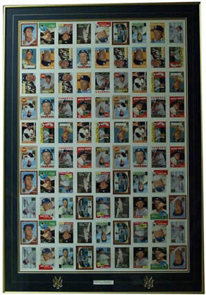 Description: This uncut sheet of Topps Cards (reprints) features a number of each card (several sets worth). This was a rare sheet, given by Topps to its large distributors, and never sold or offered to the public. Framed with this sheet is a nice, boldy-signed Mickey Mantle autograph on a cut at the bottom of the piece. Custom framed with double mattes, and Yankees logos hand-carved into the outer matte. This is a rare, striking piece for any Mantle fan! Signed: Black Sharpie Approximate Size: 31 X 45 (Framed) Price: SOLD! Back to the Memorabilia Page... |
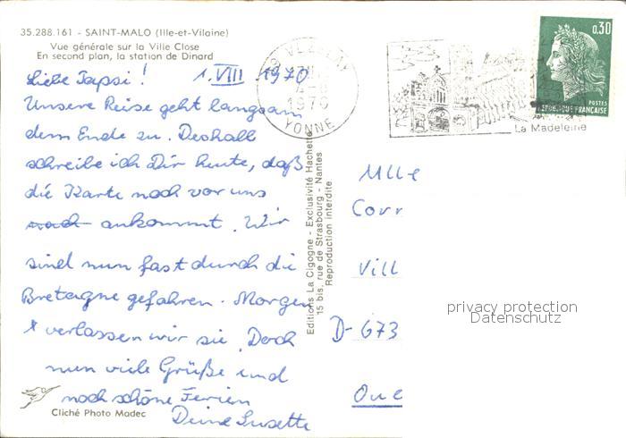 12018868 carte postale Saint-Malo 35 Ville Close second plan station Dinard postalisch gelaufen Erhaltung siehe scans KatCode: 11170035435288
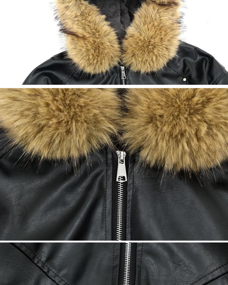 Faux Fur Hooded PU Leather Bomber Jacket
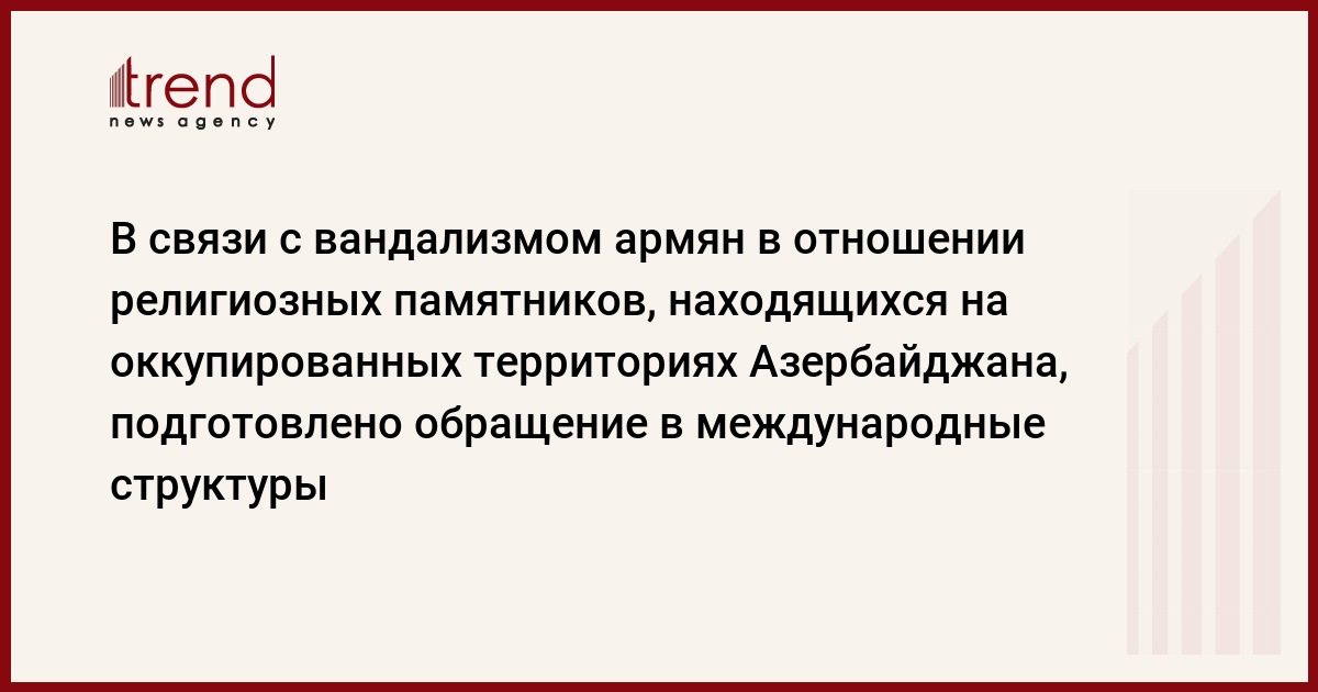 В связи с вандализмом армян в отношении религиозных памятников, находящихся на оккупированных территориях Азербайджана, подготовлено обращение в ООН, ЮНЕСКО, главам государств, являющихся сопредседателями Минской группы ОБСЕ. Как передает Trend , обращение было принято 28 ноября в ходе "круглого стола", организованного Ассоциацией помощи развитию гражданского общества в Азербайджане и Общественным объединением "Защита прав мигрантов и вынужденных переселенцев в Азербайджане".
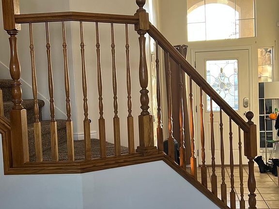 **PRICE REDUCED**Welcome to this Light and Bright home! Formal living just off tiled and spacious entry. Vaulted ceilings, and amazing windows create a grand feel. You'll love the tall stone fireplace in very open family room with 2-story ceiling, an updated kitchen (water purifier included) with corian countertops and tile backsplash, and a large main floor master suite with walk-in closet, garden tub and dual sinks. Open loft and 2 lg bedrooms upstairs with 2 more bedrooms in the lower level. Basement entrance and a huge yard with fruit trees, assorted berries and garden area, and close to everything...what more would you need?
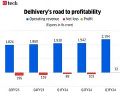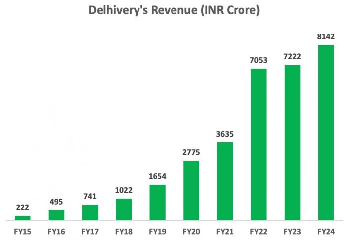 In the third quarter of FY24, Delhivery achieved profitability. Delhivery disclosed a Profit After Tax (PAT) of Rs 12 crore during this period. It witnessed robust growth across its Express Parcel and Part Truckload (PTL) segments thanks to the festive season having boosted revenues. However, Delhivery reported a loss of Rs 69 crore in Q4 FY24. They ended the year with a net loss of Rs 250 crores for the year FY24.
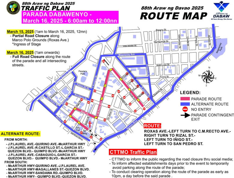 For Parada Dabawenyo on Sunday, March 16, temporary road closures will be implemented at 4 am in the following locations: Roxas Ave. (from the corner of Quezon Blvd. to Ponciano Rotonda); C.M. Recto Ave. (from the corner of Magsaysay Ave. to the corner of Pichon St.); Rizal St. (from the corner of C.M. Recto Ave. to the corner of Iñigo St.); Iñigo St. (from the corner of Rizal St. to the corner of San Pedro St.); San Pedro St. (from the corner of C.M. Recto Ave. to the corner of Iñigo St.), and City Hall Compound - Old Engineers Alley until the parade ends.
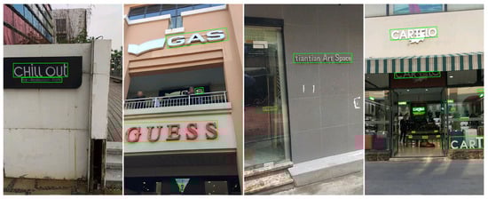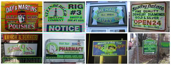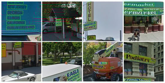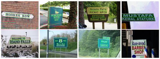 - Zhang, C.; Peng, G.; Tao, Y.; Fu, F.; Jiang, W.; Almpanidis, G.; Chen, K. ShopSign: A Diverse Scene Text Dataset of Chinese Shop Signs in Street Views. arXiv 2019, arXiv:1903.10412. [Google Scholar] [CrossRef]
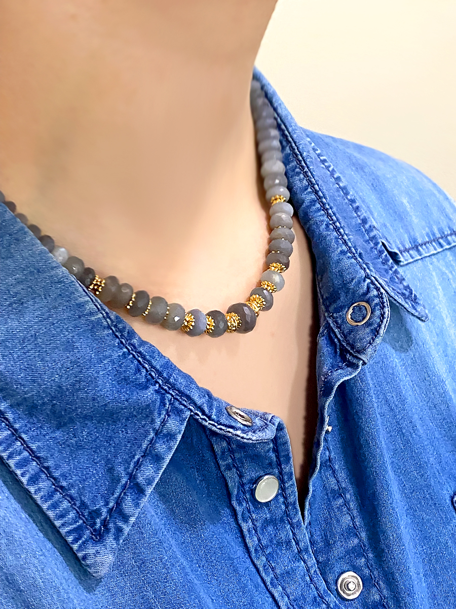 Collier en pierre de Lune grise Alba
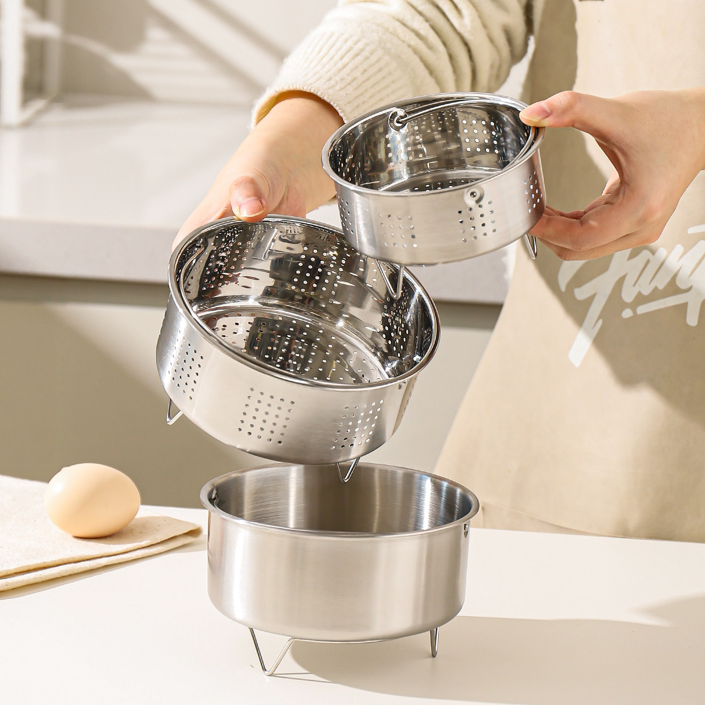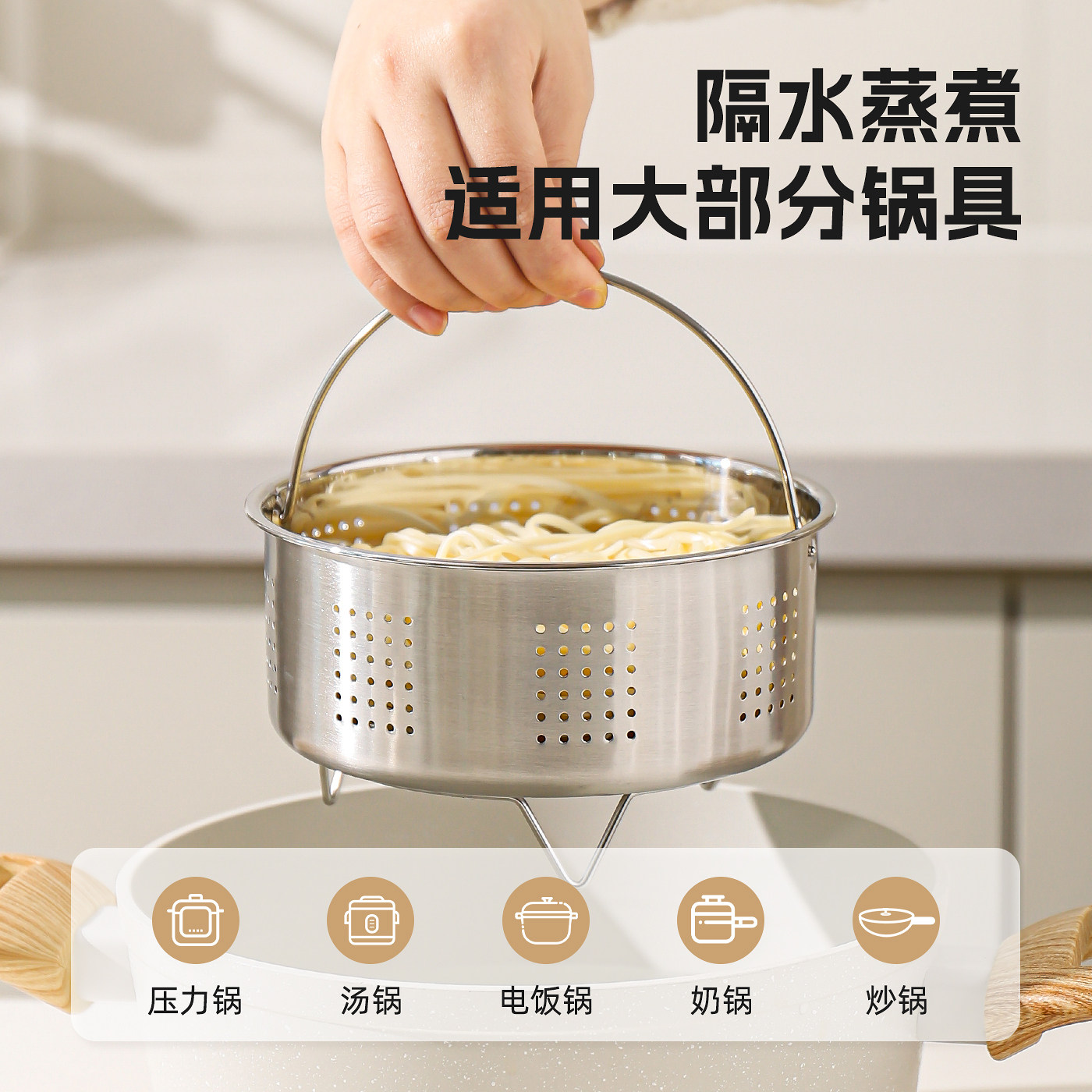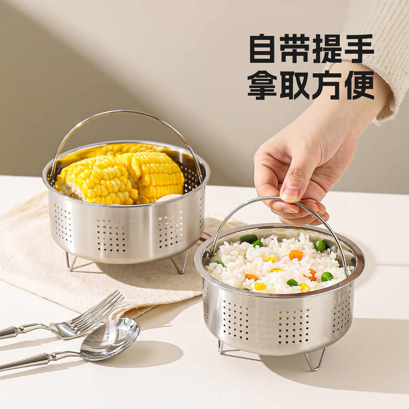川岛屋304不锈钢小蒸架带提手电饭锅内蒸笼蒸屉蒸锅篦子蒸盘蒸格

Required action —
Please output every record above exactly. Leave the pictures out.

Reply —
 Description: This uncut sheet of Topps Cards (reprints) features a number of each card (several sets worth). This was a rare sheet, given by Topps to its large distributors, and never sold or offered to the public. Framed with this sheet is a nice, boldy-signed Mickey Mantle autograph on a cut at the bottom of the piece. Custom framed with double mattes, and Yankees logos hand-carved into the outer matte. This is a rare, striking piece for any Mantle fan! Signed: Black Sharpie Approximate Size: 31 X 45 (Framed) Price: SOLD! Back to the Memorabilia Page... |
 12018868 carte postale Saint-Malo 35 Ville Close second plan station Dinard postalisch gelaufen Erhaltung siehe scans KatCode: 11170035435288
 Faux Fur Hooded PU Leather Bomber Jacket
 В связи с вандализмом армян в отношении религиозных памятников, находящихся на оккупированных территориях Азербайджана, подготовлено обращение в ООН, ЮНЕСКО, главам государств, являющихся сопредседателями Минской группы ОБСЕ. Как передает Trend , обращение было принято 28 ноября в ходе "круглого стола", организованного Ассоциацией помощи развитию гражданского общества в Азербайджане и Общественным объединением "Защита прав мигрантов и вынужденных переселенцев в Азербайджане".
 **PRICE REDUCED**Welcome to this Light and Bright home! Formal living just off tiled and spacious entry. Vaulted ceilings, and amazing windows create a grand feel. You'll love the tall stone fireplace in very open family room with 2-story ceiling, an updated kitchen (water purifier included) with corian countertops and tile backsplash, and a large main floor master suite with walk-in closet, garden tub and dual sinks. Open loft and 2 lg bedrooms upstairs with 2 more bedrooms in the lower level. Basement entrance and a huge yard with fruit trees, assorted berries and garden area, and close to everything...what more would you need?
 In the third quarter of FY24, Delhivery achieved profitability. Delhivery disclosed a Profit After Tax (PAT) of Rs 12 crore during this period. It witnessed robust growth across its Express Parcel and Part Truckload (PTL) segments thanks to the festive season having boosted revenues. However, Delhivery reported a loss of Rs 69 crore in Q4 FY24. They ended the year with a net loss of Rs 250 crores for the year FY24.
 For Parada Dabawenyo on Sunday, March 16, temporary road closures will be implemented at 4 am in the following locations: Roxas Ave. (from the corner of Quezon Blvd. to Ponciano Rotonda); C.M. Recto Ave. (from the corner of Magsaysay Ave. to the corner of Pichon St.); Rizal St. (from the corner of C.M. Recto Ave. to the corner of Iñigo St.); Iñigo St. (from the corner of Rizal St. to the corner of San Pedro St.); San Pedro St. (from the corner of C.M. Recto Ave. to the corner of Iñigo St.), and City Hall Compound - Old Engineers Alley until the parade ends.
 - Zhang, C.; Peng, G.; Tao, Y.; Fu, F.; Jiang, W.; Almpanidis, G.; Chen, K. ShopSign: A Diverse Scene Text Dataset of Chinese Shop Signs in Street Views. arXiv 2019, arXiv:1903.10412. [Google Scholar] [CrossRef]
 Collier en pierre de Lune grise Alba
川岛屋304不锈钢小蒸架带提手电饭锅内蒸笼蒸屉蒸锅篦子蒸盘蒸格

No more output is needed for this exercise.